The compiler emits code to allocate storage for z3
that passes a reference to z3 as a hidden argument to foo
which foo interprets as a reference to the return value --
z3 is initialized by foo directly and no temporary is required.

>>By the overlaoded assignament operator, operator= ?
>>If so, what happens is this operator= has not been defined by the
>>programmer. Is it generated by the compiler?
>>(I've read enough to know that the copy constructor is only invloved
>>in the initialization of newly created variables, global or otherwise,
>>but this is not the case here.
> All that's happening here is assignment.)
>
> Actually the copy constructor is used here, "newly created
> variables" includes temporary objects.
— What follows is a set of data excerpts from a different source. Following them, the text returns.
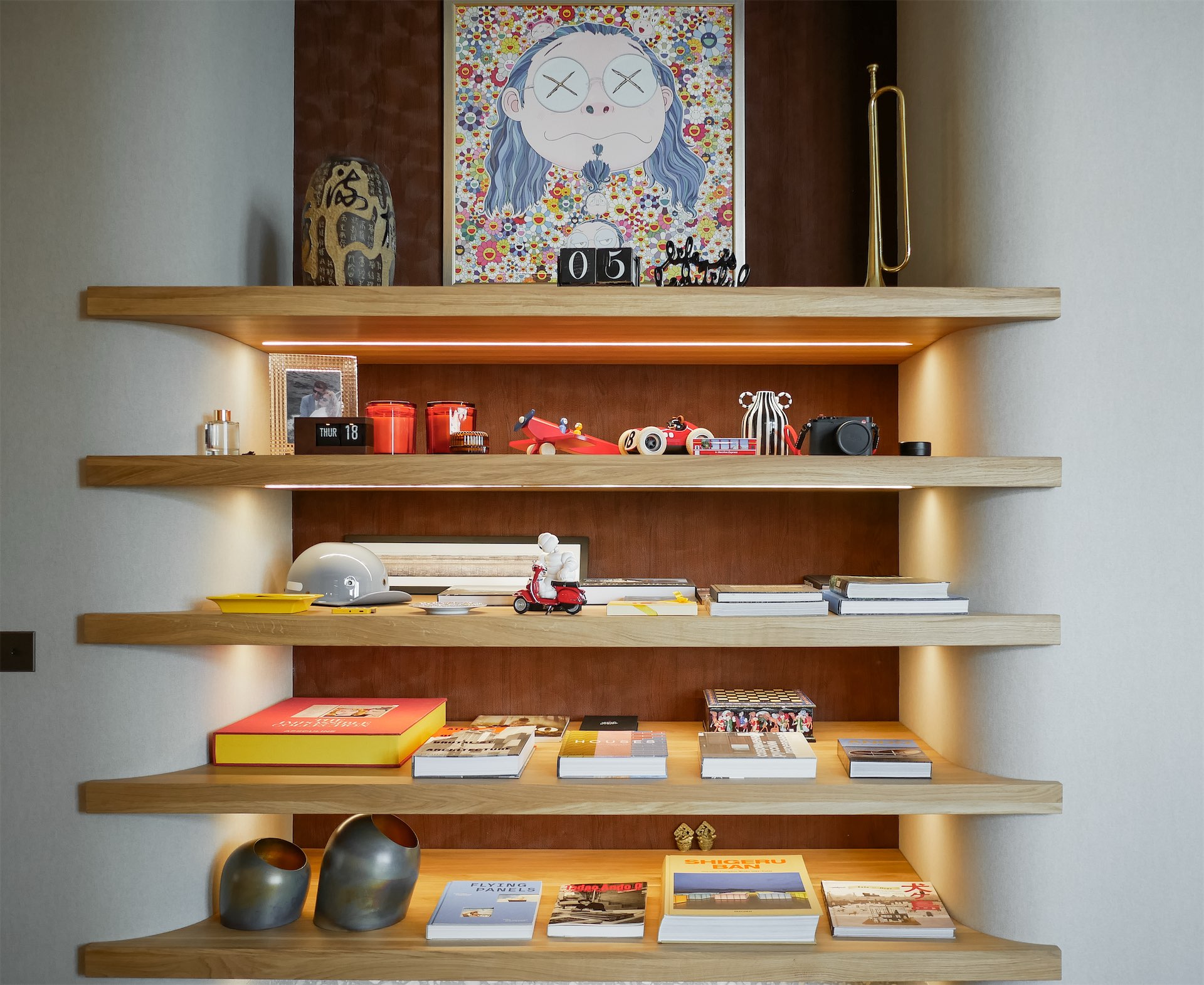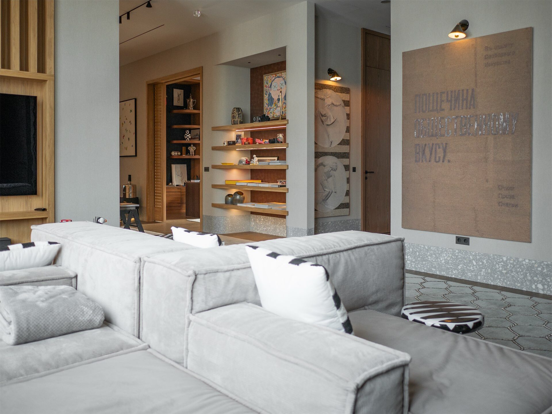 Коллекция современного искусства, которую супруги собирают много лет, не была «вписана» в готовый интерьер — напротив, стены и свет изначально проектировались под конкретные работы. Работы художников — от Ольги Солдатовой до Вовы Перкина — здесь не украшают пространство, а структурируют его.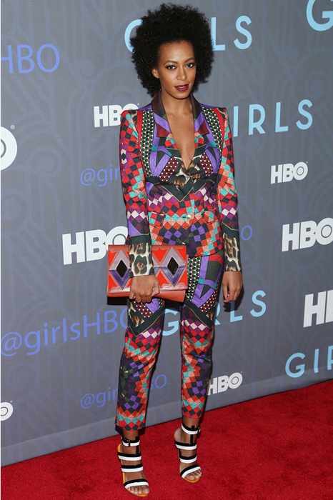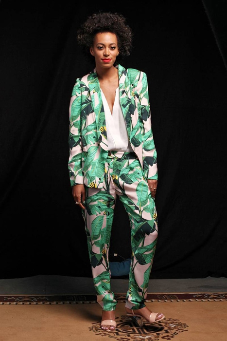 It-girls из стрит-стайл блогов привыкли показывать свою подкованность в трендах, миксуя несколько принтов в одном луке. Соланж делает все наоборот и считает, что костюм должен быть цельным: можно нарядиться с головы до ног в заросли лиан или небесный свод. Согласитесь, так гораздо проще — не нужно задумываться о том, как друг с другом будут смотреться полоска и, например, горох. Любимые костюмы певицы чаще всего состоят из шелковых штанов, напоминающих пижамные, и просторной рубашки. Вкупе с ними идут туфли-«лодочки» или босоножки с минимумом декора.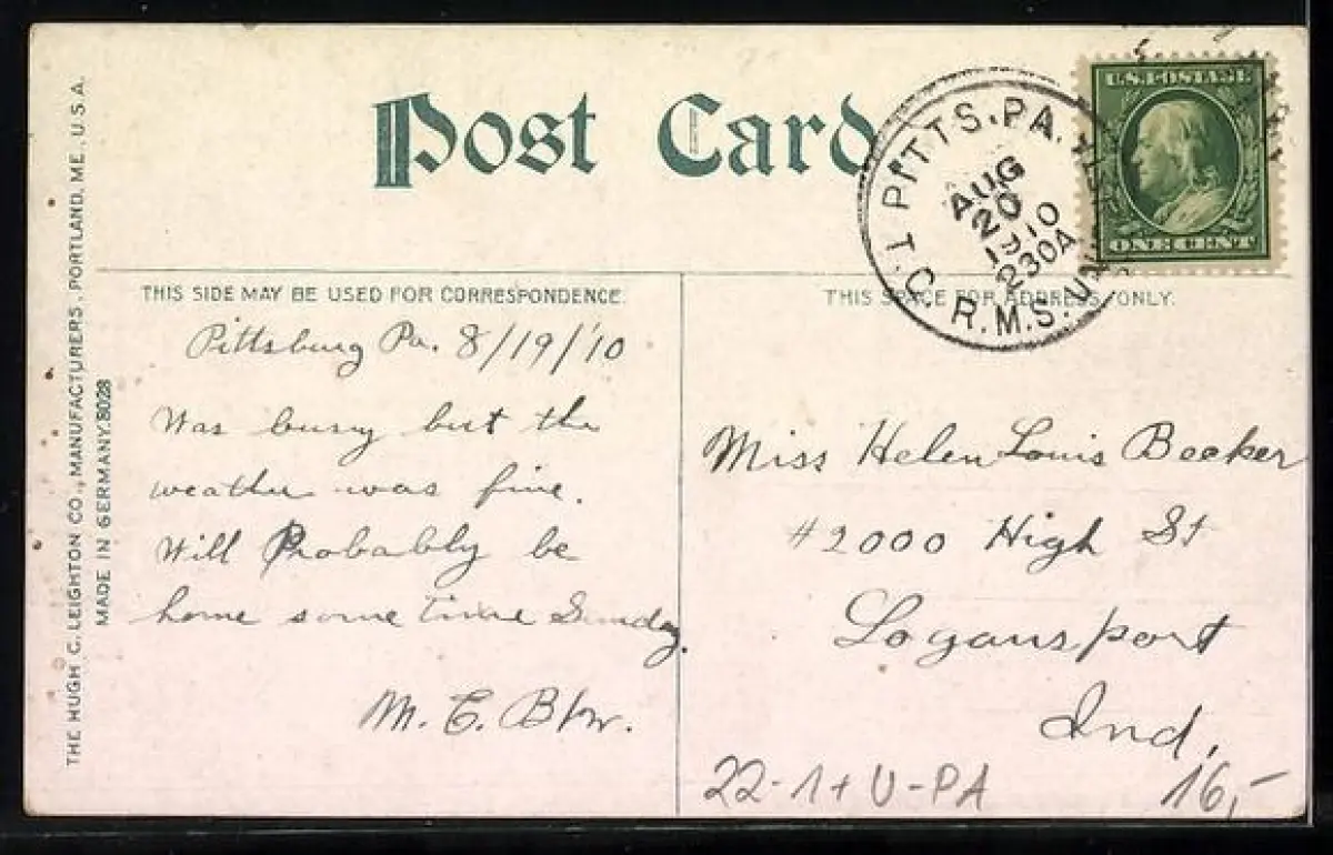 Personenbezogene Daten auf der Rückseite der Karte wurden durch blauen Textmarker unkenntlich gemacht. Die blauen Stellen sind auf die Vorderseite durchgeweicht und wirken sich negativ auf das Postkartenfoto aus

When the function
> returns, a temporary object is created (in the scope of the
> calling function) using the copy-constructor, with the returned
> value as parameter.
> The calling function usually does something with this object,
> eg. if it initializes another object then the copy-constructor
> will be called again, with the temporary return-value object as
> a parameter.
> Being a temporary object, it will be destroyed at the end of the
> full-expression it was created in, eg if we have at local scope:
>
> Foo func() { Foo g; return g; }
> Foo f( func() );
>
> then we have:
> - g is default-constructed
> - temporary return value is copy-constructed from g
> - g is destroyed
> - f is copy-constructed from temporary return-value
> - temporary return-value is destroyed
>
> The compiler is allowed to optimise all this, so you can't test
> it with a compiler, but if you make Foo with a private copy
> constructor then it should fail to compile.

Let's try that:

> cat main.cc
         #include <iostream>

         class Foo {
         private:
           // representation
           int I;
         public:
           // operators
           Foo& operator=(const Foo& foo) {
             I = foo.I;
             std::cout << "Foo::operator=(const Foo&)" << std::endl;
             return *this;
             }
           friend
           std::ostream& operator<<(std::ostream& os, const Foo& foo);
           // constructors
           Foo(int i = 0): I(i) {
             std::cout << "Foo::Foo(int)\tI = " << I << std::endl;
             }
           Foo(const Foo& foo): I(foo.I) {
             std::cout << "Foo::Foo(const Foo&)" << std::endl;
             }
          ~Foo(void) {
             std::cout << "Foo::~Foo(void)" << std::endl;
             }
           };

         Foo func(void) {
           Foo g;
           g = Foo(13);
           std::cout << "func(void)" << std::endl;
           return g;
           }

         inline
         std::ostream& operator<<(std::ostream& os, const Foo& foo) {
           return os << foo.I;
           }

         int main(int argc, char* argv[]) {
           Foo f(func());
           std::cout << "f = " << f << std::endl;
           return 0;
           }

> g++ -Wall -ansi -pedantic -o main main.cc
> ./main
         Foo::Foo(int) I = 0
         Foo::Foo(int) I = 13
         Foo::operator=(const Foo&)
         Foo::~Foo(void)
         func(void)
         f = 13

I defined a copy constructor but it was never called.
Notice that I modified func(void)
to assign a new value to g before it returns.
Function func(void) initializes object f in function main
directly using the default constructor Foo(int i = 0)
then it constructs a temporary Foo(13)
and assigns this temporary value to object f directly.
Finally, function func(void) destroys the temporary
just before it returns. No destructor is required for g
because g is just another name for the return value
which, in this case, is just object f in function main.